» Work instructions
Lines from the line with "Der deutlich geringere" to the line with "Deze prachtige Little" in the entries below, and only those, must be output exactly, with both ends included.

» Data supplied
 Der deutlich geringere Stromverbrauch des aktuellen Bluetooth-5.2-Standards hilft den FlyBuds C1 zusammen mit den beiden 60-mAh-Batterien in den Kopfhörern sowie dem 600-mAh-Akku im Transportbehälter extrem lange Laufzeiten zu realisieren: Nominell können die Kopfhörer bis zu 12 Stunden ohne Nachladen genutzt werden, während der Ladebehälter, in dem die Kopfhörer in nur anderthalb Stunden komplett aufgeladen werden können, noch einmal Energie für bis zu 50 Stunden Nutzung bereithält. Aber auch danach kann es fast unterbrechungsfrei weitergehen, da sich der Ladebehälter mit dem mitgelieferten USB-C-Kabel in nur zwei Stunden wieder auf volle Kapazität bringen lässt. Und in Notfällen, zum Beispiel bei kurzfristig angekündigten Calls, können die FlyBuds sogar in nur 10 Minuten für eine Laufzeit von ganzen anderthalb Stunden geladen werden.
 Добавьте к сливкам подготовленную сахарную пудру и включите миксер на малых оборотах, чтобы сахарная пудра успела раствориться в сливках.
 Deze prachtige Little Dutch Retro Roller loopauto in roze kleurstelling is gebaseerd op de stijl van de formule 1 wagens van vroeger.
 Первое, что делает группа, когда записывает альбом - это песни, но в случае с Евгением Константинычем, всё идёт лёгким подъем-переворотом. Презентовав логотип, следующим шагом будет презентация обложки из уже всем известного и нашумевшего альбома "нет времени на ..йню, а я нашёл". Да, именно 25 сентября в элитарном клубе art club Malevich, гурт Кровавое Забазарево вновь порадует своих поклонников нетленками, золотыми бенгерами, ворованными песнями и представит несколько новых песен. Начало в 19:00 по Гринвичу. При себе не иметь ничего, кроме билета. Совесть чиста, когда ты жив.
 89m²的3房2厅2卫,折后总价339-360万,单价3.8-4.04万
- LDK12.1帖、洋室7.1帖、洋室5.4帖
---
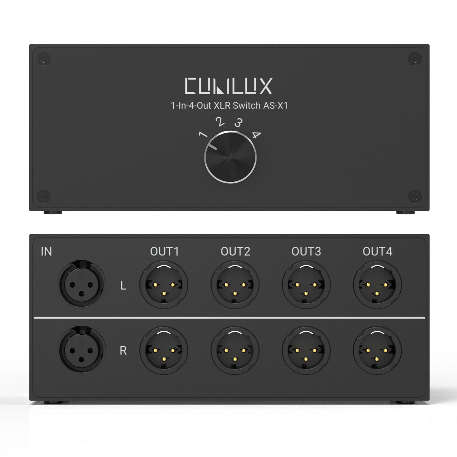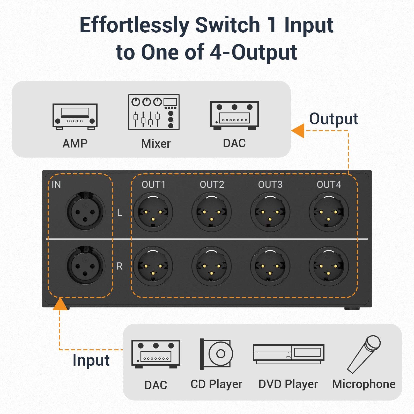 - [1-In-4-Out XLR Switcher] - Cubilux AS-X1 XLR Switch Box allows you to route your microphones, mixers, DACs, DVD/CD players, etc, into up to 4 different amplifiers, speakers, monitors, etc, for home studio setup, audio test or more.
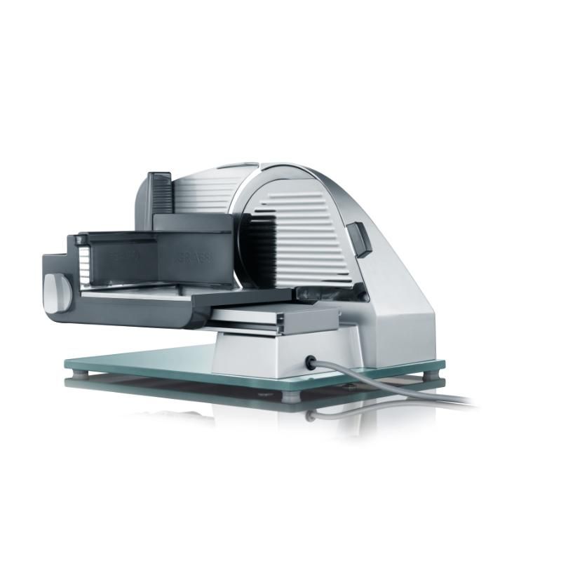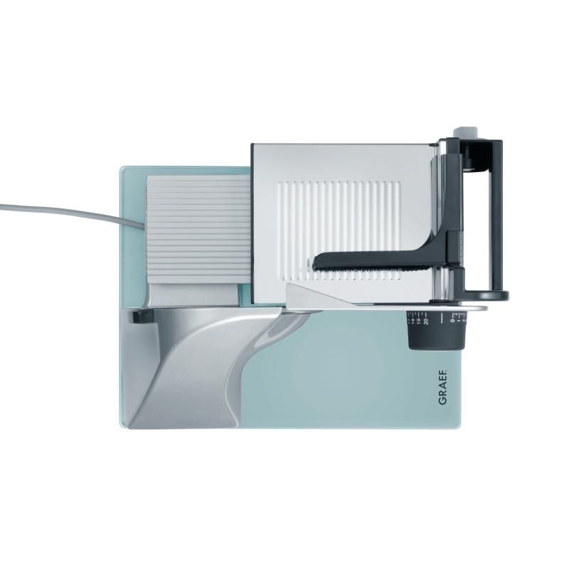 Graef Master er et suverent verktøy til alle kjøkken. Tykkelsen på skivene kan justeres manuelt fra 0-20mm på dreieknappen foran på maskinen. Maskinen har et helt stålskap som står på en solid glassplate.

» Exercise solution
 Der deutlich geringere Stromverbrauch des aktuellen Bluetooth-5.2-Standards hilft den FlyBuds C1 zusammen mit den beiden 60-mAh-Batterien in den Kopfhörern sowie dem 600-mAh-Akku im Transportbehälter extrem lange Laufzeiten zu realisieren: Nominell können die Kopfhörer bis zu 12 Stunden ohne Nachladen genutzt werden, während der Ladebehälter, in dem die Kopfhörer in nur anderthalb Stunden komplett aufgeladen werden können, noch einmal Energie für bis zu 50 Stunden Nutzung bereithält. Aber auch danach kann es fast unterbrechungsfrei weitergehen, da sich der Ladebehälter mit dem mitgelieferten USB-C-Kabel in nur zwei Stunden wieder auf volle Kapazität bringen lässt. Und in Notfällen, zum Beispiel bei kurzfristig angekündigten Calls, können die FlyBuds sogar in nur 10 Minuten für eine Laufzeit von ganzen anderthalb Stunden geladen werden.
 Добавьте к сливкам подготовленную сахарную пудру и включите миксер на малых оборотах, чтобы сахарная пудра успела раствориться в сливках.
 Deze prachtige Little Dutch Retro Roller loopauto in roze kleurstelling is gebaseerd op de stijl van de formule 1 wagens van vroeger.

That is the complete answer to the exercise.